Many of their plans build upon their current policies, which include increasing affordable housing, digitizing city services, modernizing schools, making cultural events more accessible, expanding tourism beyond the city center, and expanding the social safety net.

Former mayor Bohuslav Svoboda tops Spolu pro Praha's list

The Pirate’s main competition this time is the right-wing coalition Spolu pro Praha, which is composed of the Civic Democrats (ODS), TOP 09, and the Christian Democrats (KDU-ČSL). Their main candidate is former mayor Bohuslav Svoboda. Much of their program includes continuing to develop infrastructure, such as the metro line D. Another one of their priorities is the completion of the Prague Ring Road.

They also want to extend the operation of the metro on Friday and Saturday by one hour after midnight. Less specific promises include developing “safe and meaningful cycle lanes and cycle paths” in the city, with an emphasis on those in leisure areas, and “a system of logical traffic solutions” to get rid of confusing places for cyclists and pedestrians.

Their platform also covers more affordable housing, increased safety, and plans to boost tourism through increased culture and exhibitions.

ANO offers free public transit and reduced fees

The lead candidate for the political movement ANO is economist Patrik Nacher, who is currently a member of the Chamber of Deputies.
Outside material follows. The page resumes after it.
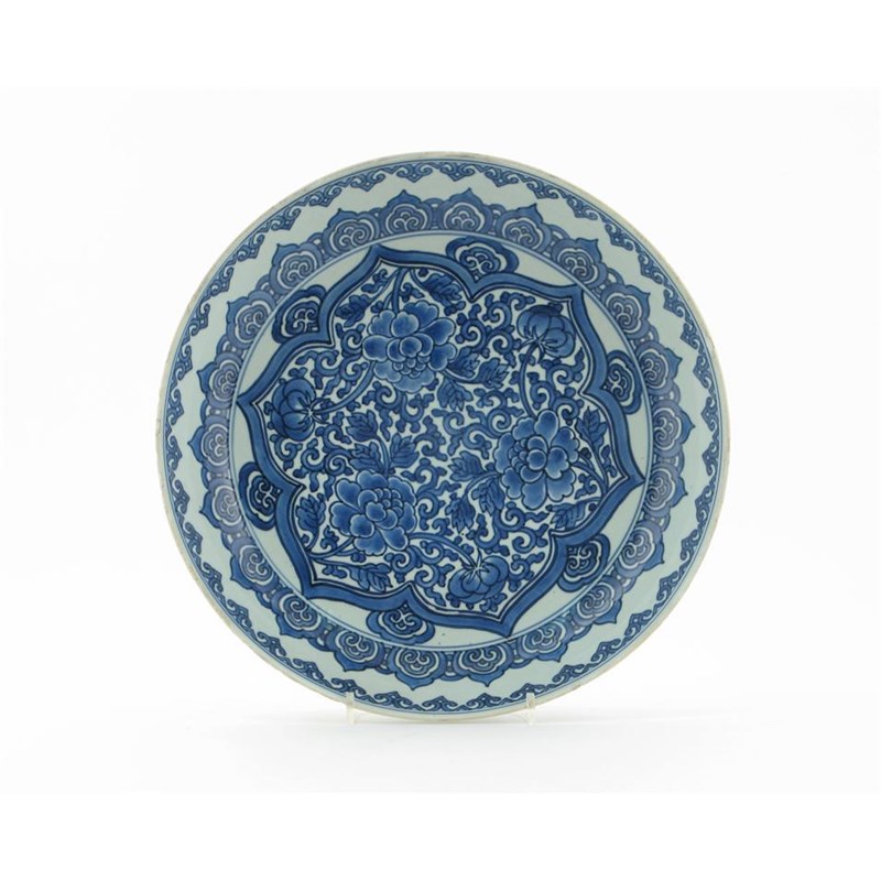 A large Chinese blue and white dish, late 17th century. Painted with a large peony panel, within a border of ruyi heads, the foot with a channelled rim, small rim chips, 34.5cm.

ANO's platform according to Nacher is to make life more affordable in Prague. This would include free public transport; reduced fees for waste collection, water, and sewerage; and a special energy tariff.

In terms of infrastructure, he mentioned taking care of the city's housing projects and parks. He also wants to increase the presence of police on Prague streets.

“The next four years will not be about building castles in the air or a philharmonic hall, painting blind cycle lanes, or fighting over drinking in public in Prague. The next four years will be a struggle to preserve the standard of living of Prague's single parents, families with small children, the elderly, and our children,” he said in the introduction to his platform.

STAN floats non-stop metro and civil defense shelters

Although STAN is currently part of the ruling city coalition, the party has been hit with scandals that hurt its chances at the polls. Its lead candidate is Petr Hlaváček, who is currently deputy mayor.

One of his platform plans is to extend some metro service to 24 hours a day. This would mainly be in areas that have little night tram service. Long-term projects for the city would include energy independence, according to daily Metro.

The party also plans to build more parks, create an urban tree canopy, open up more natural swimming areas, and increase flood defenses. 

Among the ideas on the STAN election website is a ban on door-to-door selling, as this is both an annoyance and has been linked to burglaries. Another safety point would be the restoration of civil defense shelters that were “rented in previous years and used for purposes other than the protection of the population.”

Praha sobě wants to continue expansion of transit, culture

The last party that has a significant chance in the elections is Praha sobě, with Prague 7 Mayor Jan Čižinský and City Councilor Hana Třeštíková as its top candidates. Their platform includes more barrier-free trams, more tram lines, electric buses, and improved public transit stops. Many of these programs are already underway, as Praha sobě member Adam Scheinherr has been the deputy mayor in charge of transit.

STAN supports the building of the new philharmonic hall as well as events at the local level. They also plan to have cultural events to help integrate foreigners into Prague life.

Praha sobě's plans to work on improving public spaces. Among their unique ideas is expanding the number of publicly accessible toilets and the number of drinking fountains in parks, according to their plan for the future of the city.